Brotherly love: Illness makes sophomore cherish time left

Story by Brianna Sellers

There are three things that nobody ever wants to hear. One: “We need to break up.” Two: “You can’t do it.” Three: “We need to talk.” The talks I’m used to are usually about me getting in trouble or something about grades. I had no idea that this “talk” was far more serious.

As I made my way upstairs to face my parents, I thought to myself, “What did I do this time?” My mom and dad called me and my brother into their bedroom as soon as I got home from church. I was certain that I was about to get chewed out for something I did or didn’t do. When I walked inside, my mom’s face was crimson red. Cheeks stained with tears. I knew something was wrong, but I didn’t want to know what.

My parents went to Children’s Hospital in Little Rock, Arkansas, with my 5-year-old brother Bryce on Sept. 22. We had known that something was wrong with him; he had never been able to run, jump or climb–things that kids his age should be doing. My family had been to numerous doctor appointments and therapies in the past, but nothing seemed to work or help. Everything kept getting worse. We thought that maybe he was just a late bloomer and that he would develop those things later. The more we tried not to worry, we ended up worrying more.

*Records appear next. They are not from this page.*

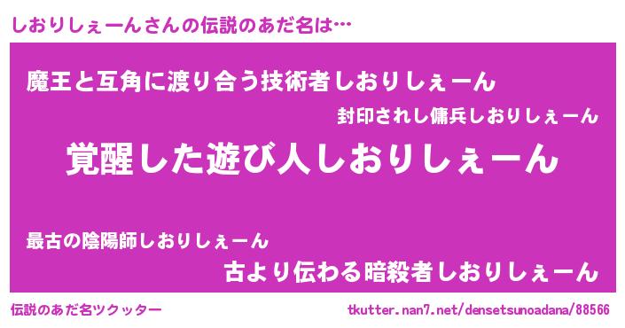 | ヒーロー風カッコイイあだ名 | 『最強戦士シオリシェーン』 |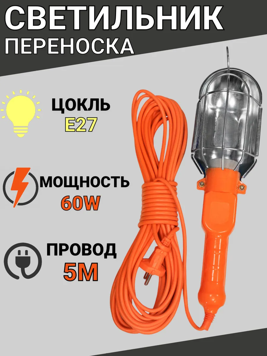 Светильник переноска под лампу Е27 5 метров 60W. HiToolTech store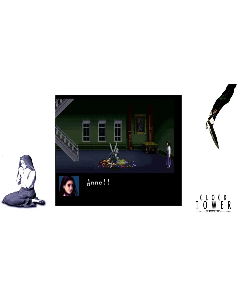 Turn back the clock for one of the pioneers of the survival-horror genre. Translated and released outside of Japan for the first time, Clock Tower: Rewind is a revival of the terror-inducing 16-bit classic that dares you to explore the haunting confines of the Barrows family manor. As teenage orphan Jennifer, you must search every disturbing corner to find items, reveal secrets, and discover ways to evade Scissorman, a murderous, unstoppable, shears-wielding psychopath.

We sat in silence for a few minutes. Neither of my parents wanted to speak first. Finally the words came out of my mom’s mouth. My baby brother had been diagnosed with Muscular Dystrophy. My dad is always the tough one out of my family. The look on his face was miserable–heartbreaking. He tried to hold it all back, but nothing stopped those tears. Not once, had I ever seen this look on his face. I had never seen him completely breakdown.

The strange part was that I wasn’t able to cry. I felt like I needed to, though. It just, hadn’t exactly “hit” me yet. I wasn’t sure what Muscular Dystrophy was, but I definitely knew it was something extreme.

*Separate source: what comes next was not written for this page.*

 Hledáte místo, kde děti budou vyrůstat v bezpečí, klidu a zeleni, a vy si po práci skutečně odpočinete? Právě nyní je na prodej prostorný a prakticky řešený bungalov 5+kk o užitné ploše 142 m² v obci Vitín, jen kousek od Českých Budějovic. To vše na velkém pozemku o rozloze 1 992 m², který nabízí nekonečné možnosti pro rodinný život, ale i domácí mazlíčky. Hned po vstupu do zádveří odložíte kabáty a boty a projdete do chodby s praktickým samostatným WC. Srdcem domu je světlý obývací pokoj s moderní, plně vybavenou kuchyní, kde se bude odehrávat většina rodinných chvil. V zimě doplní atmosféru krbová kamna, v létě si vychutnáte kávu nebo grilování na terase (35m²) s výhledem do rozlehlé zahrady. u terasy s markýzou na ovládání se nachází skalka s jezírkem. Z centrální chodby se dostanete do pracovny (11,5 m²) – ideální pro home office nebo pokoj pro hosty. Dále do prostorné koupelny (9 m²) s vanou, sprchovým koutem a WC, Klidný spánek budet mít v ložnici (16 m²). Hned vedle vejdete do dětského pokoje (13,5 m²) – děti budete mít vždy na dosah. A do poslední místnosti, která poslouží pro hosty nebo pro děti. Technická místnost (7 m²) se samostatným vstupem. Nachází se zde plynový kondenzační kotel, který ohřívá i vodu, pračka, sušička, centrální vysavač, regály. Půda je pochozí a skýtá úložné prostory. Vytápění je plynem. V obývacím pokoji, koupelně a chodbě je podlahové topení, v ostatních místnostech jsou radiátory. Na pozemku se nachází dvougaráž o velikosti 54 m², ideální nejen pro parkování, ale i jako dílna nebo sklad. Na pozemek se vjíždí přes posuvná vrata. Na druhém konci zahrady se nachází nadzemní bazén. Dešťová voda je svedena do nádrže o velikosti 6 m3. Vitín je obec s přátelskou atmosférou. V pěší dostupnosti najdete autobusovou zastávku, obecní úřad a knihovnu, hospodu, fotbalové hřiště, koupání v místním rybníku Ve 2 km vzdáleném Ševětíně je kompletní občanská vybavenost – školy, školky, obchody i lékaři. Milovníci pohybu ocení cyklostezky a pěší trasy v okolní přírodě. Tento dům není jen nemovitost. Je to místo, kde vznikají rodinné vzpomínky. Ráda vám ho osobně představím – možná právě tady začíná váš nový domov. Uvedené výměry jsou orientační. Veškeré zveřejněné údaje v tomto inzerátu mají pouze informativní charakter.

Muscular Dystrophy is not something that someone can catch. It is not something that can be cured. There is no way to stop it. It is a
weakness in the bones and a loss of muscular tissue that worsens over time. There are nine different types of the disease. My brother has Duchenne, the most severe kind. Doctors predict that he will not live past his mid-teens, but it could be less than that, depending on how much worse it gets. On the rate it’s going now, it doesn’t look too good. He’s already having trouble walking, which will soon result in leg braces, and eventually a wheelchair.

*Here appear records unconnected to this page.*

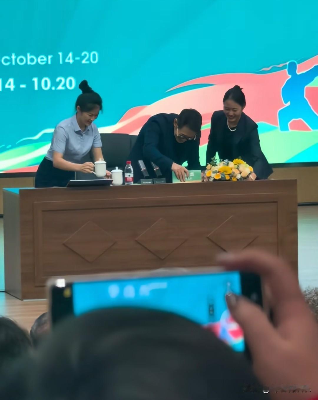 李连杰上台准备发言,看到桌上的黄色花束,弯腰小心翼翼挪到旁边,这一动作暴露了文化默契。在咱们东方文化里,黄色花在特定场景容易引发不好联想,人坐着露头,前面摆黄花,这画面谁看了都膈应。 现在很多发言席、演讲台搞得花里胡哨,又是花又是装饰。其实演讲重要的是传递思想和信息,花花草草根本多余。一个话筒、一个茶杯、一个名签就够了。这也提醒活动组织者,得平衡好仪式感和功能性,尊重文化背景,别让多余装饰踩了“文化雷区”。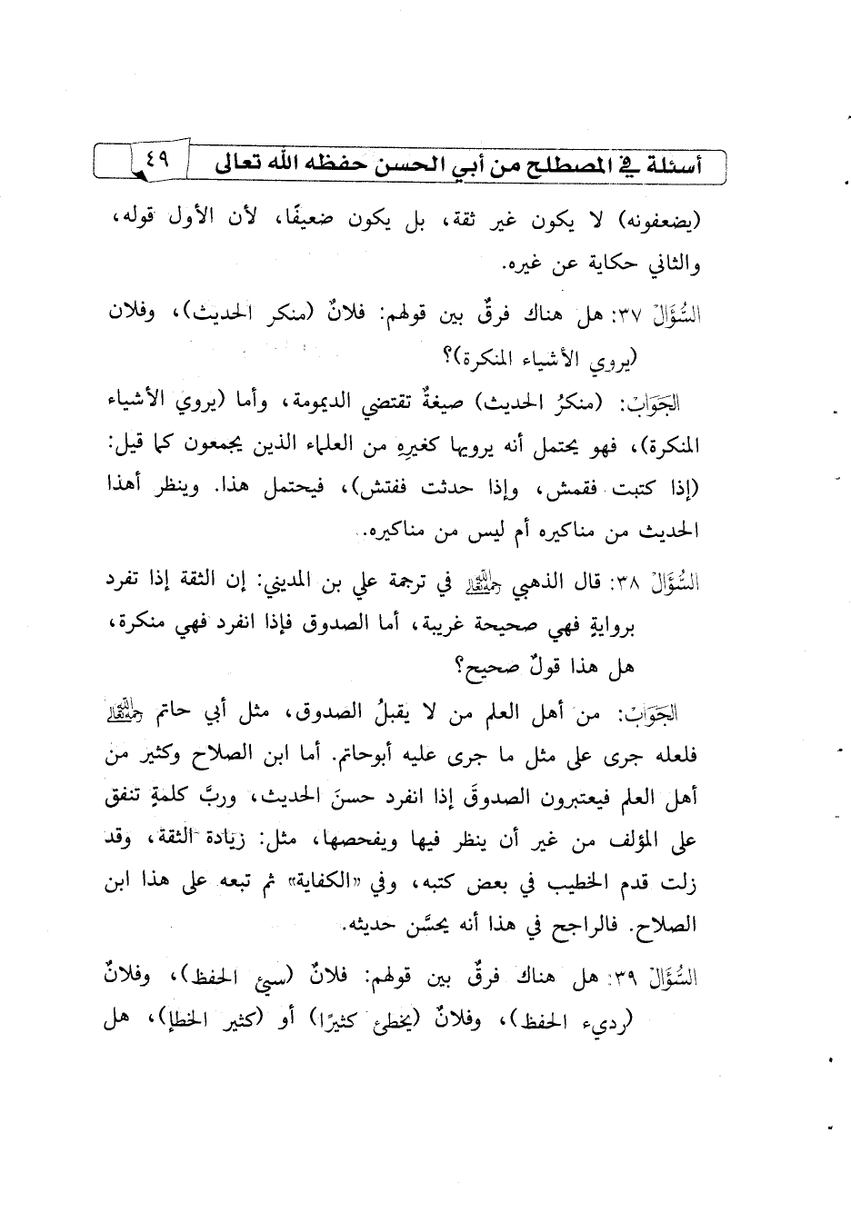السؤال39 قال الذهبي رحمه الله تعالى في ترجمة علي بن المديني: إن الثقة إذا تفرد برواية فهي صحيحة غريبة، أما الصدوق فإذا انفرد فهي منكرة، هل هذا قول صحيح؟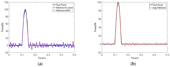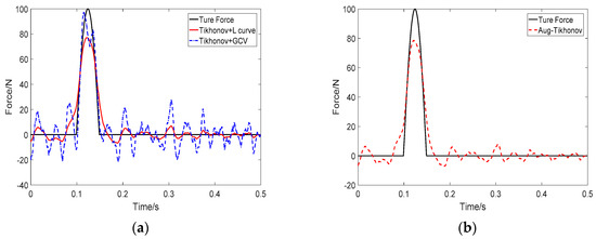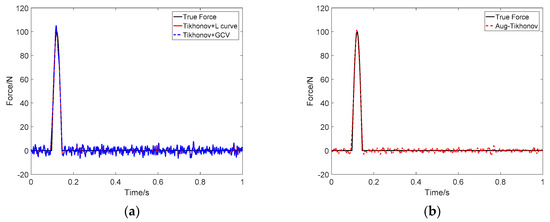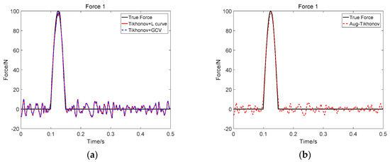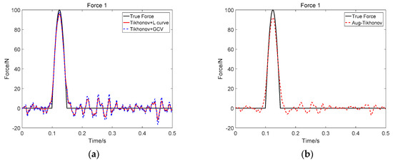 Identification result of two impact loads at SNR 30 dB (Force 1): (a) Tikhonov method; (b) the proposed method.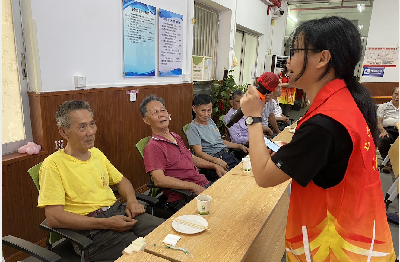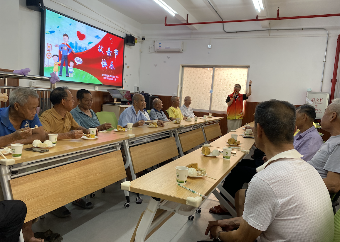 “这虾饺还可以喔,皮薄馅嫩,口感鲜美”、“马拉糕很松软,不会太甜,刚刚好”。社区中的父亲们围坐在桌旁,一边品尝美味广式风味,一边饮茶畅谈,聊一聊家长里短,谈一谈民生小事,现场氛围温馨且愉悦。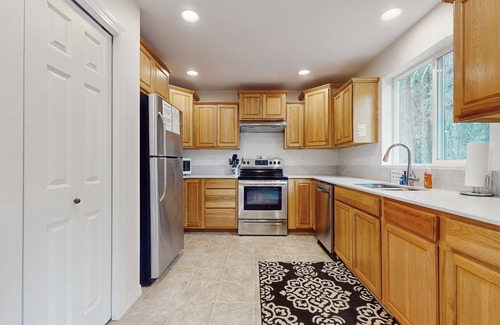 Send the kids (and the family dogs) out to collect kindling from the forested sections of the property, then light up a fire in the wood-burning stove to keep everyone toasty. Gaze out over Lavender Lake and the mountains, or switch on the living room TV and make snacks in the full kitchen for the ultimate game day! Outside, fire up the gas grill and gather around the picnic table for the perfect summertime cookout, then take the three kayaks out onto the lake and relax on the water. You can also light a fire out in the firepit for fun times together under the stars.
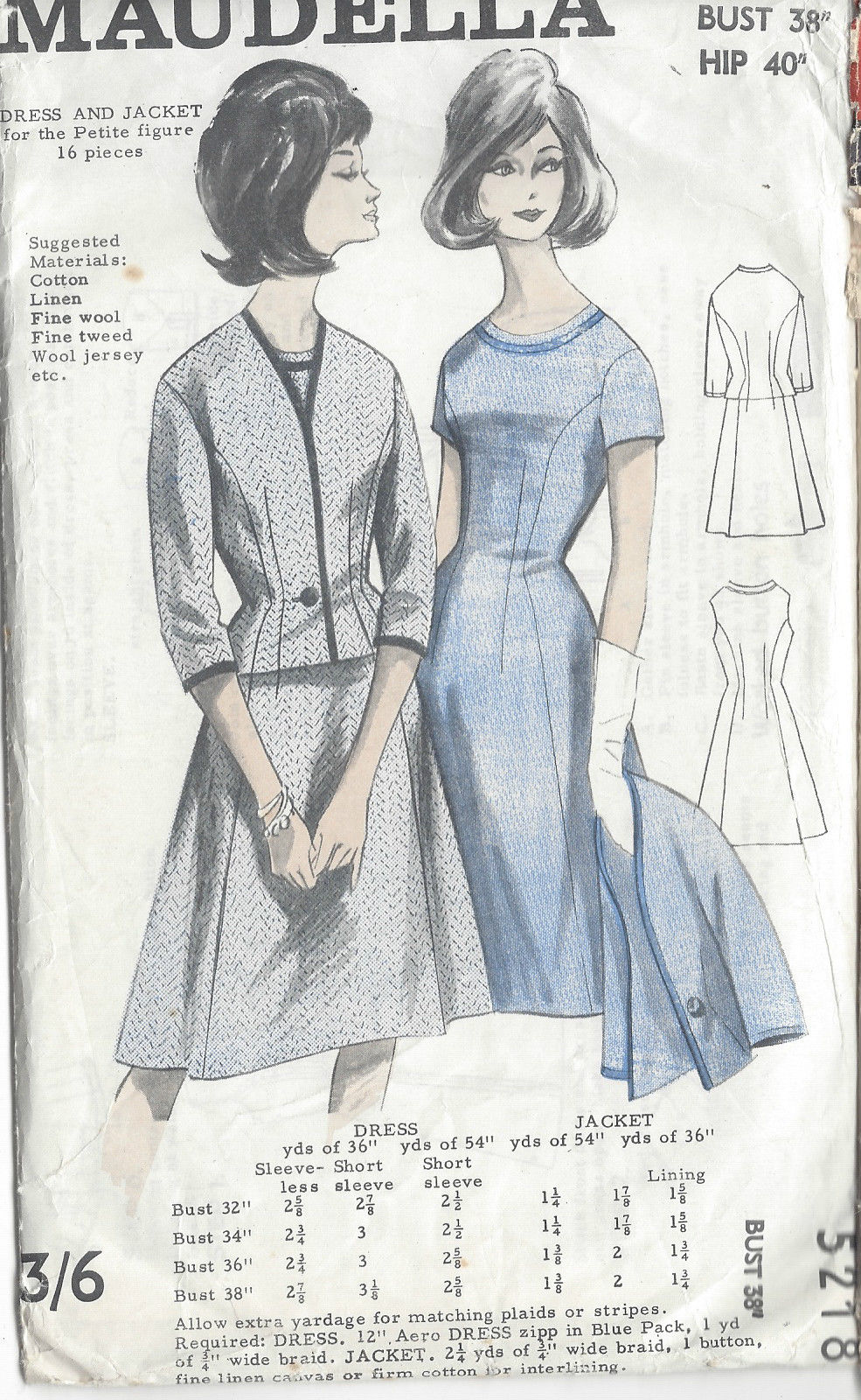1960s Vintage Sewing Pattern B38in DRESS & JACKET (R664)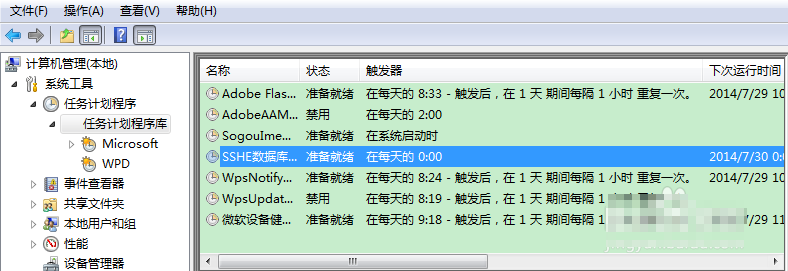 4、右键我的电脑:管理——任务计划程序——任务计划程序库,可以看到刚才添加进去的定时任务

Bryce has never been a “typical kid,” but he might be one of the brightest ones his age. He was able to read, write and draw before most of the kids in his class, and he always wants to learn new things. He gets frustrated easily, though. He knows that he can’t do things that other kids can do. He tries so hard to do those simple things, and every time he fails, he gets more discouraged, a reason why he keeps himself secluded from most kids. Even though to most people he is different, he is normal in my eyes. He has his difficulties just like everyone else in the world. He has two eyes, two feet, and a heart of gold. He will brighten up any one’s day and is full of love. Maybe he does things a little differently; everyone does. It’s what makes him unique.

It absolutely breaks my heart to know I don’t have much longer with him. It may seem like a long way away, but in reality, it’s close enough to touch. I’ve realized that time is precious and you have to spend it as wisely as possible. It’s overwhelming because everything is happening at once and makes me want to cry all the time. I know I’m supposed to stay strong and lift him up, but at times, it’s hard. I always ask myself, “What did my family do to deserve this? Why is this happening now?” After everything my family has been through, I don’t understand why problems keep piling up. It seems like there is always, something. Though, I have to remember that this is just as painful for him as it is for me.
From now on, there are going to be more and more talks. Most of them are going to be those “talks” I won’t want to hear, but I have to realize that they’re part of life. Bad things happen to good people, and you have to learn to face those bad things, head-on. I have to trust there is a reason for all of this and keep loving him. No matter what, Bryce will leave an imprint on my life–forever.